変人荘の浦田さん
私が管理させてもらっている変人荘がある。
奇妙な事に無害で変な人しか入居していない。そのうちの1人についてのお話です。
変人荘は事務所の真裏にある。
10年前の曇り空が印象的な日に、大家さんがやってきた。
「私も歳で雨漏りだなんだなんてみていられない。隣にある御社に管理をしてほしい」と任されたのだ。
ーー変な人は入居させていないーー
そうはおっしゃっていたが100%変人。
家賃をきちんと納めるという意味では、常識人の賃借人ばかりであった。
16部屋の木造2階建。
16人変人集合住宅である。その中の1人、浦田さんについて書こうと思う。
浦田さんは「今月からここに家賃持ってきていいんだって?大家の家に行くより近いしええわ!」と笑顔でご来店した。
それが初対面である。
前歯がなくて白髪混じりの長髪。
ポケットにはヨレヨレの文庫本ー太宰治・人間失格ー
…………うん。
どちらかというと好きなタイプかな。
浦田さんは、毎月末25日にきちんと家賃を支払いに来る律儀なタイプであった。
夏の蒸し暑さが最高かというような日のこと。
「エアコンが壊れたから見に来て欲しい」と言われた。
業者さんと見に行くとーー
どえーーっ!
全部グチャグチャの本棚、壁には曼荼羅のポスター、万年布団に食べかけのおにぎり……
エアコンは経年劣化で交換が必要だった。
エアコンを取り外すとーーパラパラと紙が落ちてきた。
紙を見ると「ニセ札」と全部に書いてあった。
「浦田さんこれは…?」
「オモロイやろ!受けると思って仕込んでおいたんや」
今ひと笑い取って何になるん…
私の好感度を上げても何もならん…
月日は過ぎて行った。
年の瀬に浦田さんが家賃を持ってきた。
「このカレンダーな、いらんからあんたにあげるわ」
と言うので家賃とカレンダーを受け取った。
私もカレンダーいらないんだけど……
カレンダーを広げたら、お豆腐専門店・弥吉のカレンダーだった。
1月は油揚げ、2月はおから、3月は湯葉、渋くていい写真じゃないか。
賃借人と管理会社の関係では、一定の距離からそうは近づかない。
好感は持てても浦田さんと友達になろうとは思わなかったし、今月末も元気に生きていて安心と思う程度であった。
ある日、浦田さんの隣室の坂田さんがやってきた。
どうも浦田さんの生活音がしなくなって、郵便ポストには新聞がたまっているから生存確認をした方が良いとの事だった。
私は動揺した。
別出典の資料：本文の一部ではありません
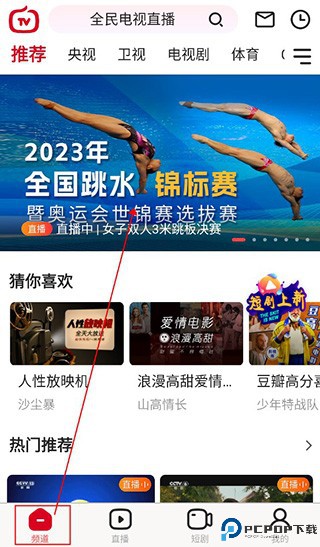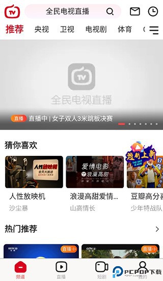 用户进入频道页面就可以开始看电视直播啦,可以在屏幕上方的分类里选择推荐、央视、卫视、电视剧等视频分类进行观看。

一瞬で空気が凍った。
前歯の欠けた笑顔で エアコンにニセ札って紙を仕込んでいた浦田さん…
お豆腐専門店弥吉のカレンダーをくれた浦田さん…
坂田さんとソワソワしながら合鍵を持って見に行くと
浦田さんが寝ていた。
私はもうそれ以上見ることはできなかった。
坂田さんが布団をソッとどかしてくれて、こう言った。
「あんたの足と同じ色をしているよ」
私はグレーのタイツを履いていた…………
ピーポーピーポーピーポーピーポーピーポーピーポーピーポーピーポー
部屋に残されていた紙を見ると “FISH” と書いてあり、そばに魚のキーホルダーが置いてあった。
浦田さんは2号室だったからFINI(2)SHだったりするのかなぁ?
チャーミングなところがあったから...
魚のような生の揺らめきと2号室で生を終えることかな...
まだ魚のようにゆらゆらと生きていたかったのかもしれない。
そんな事を想って合掌した。
空を見上げたら、綺麗なうろこ雲の見える秋の日だった。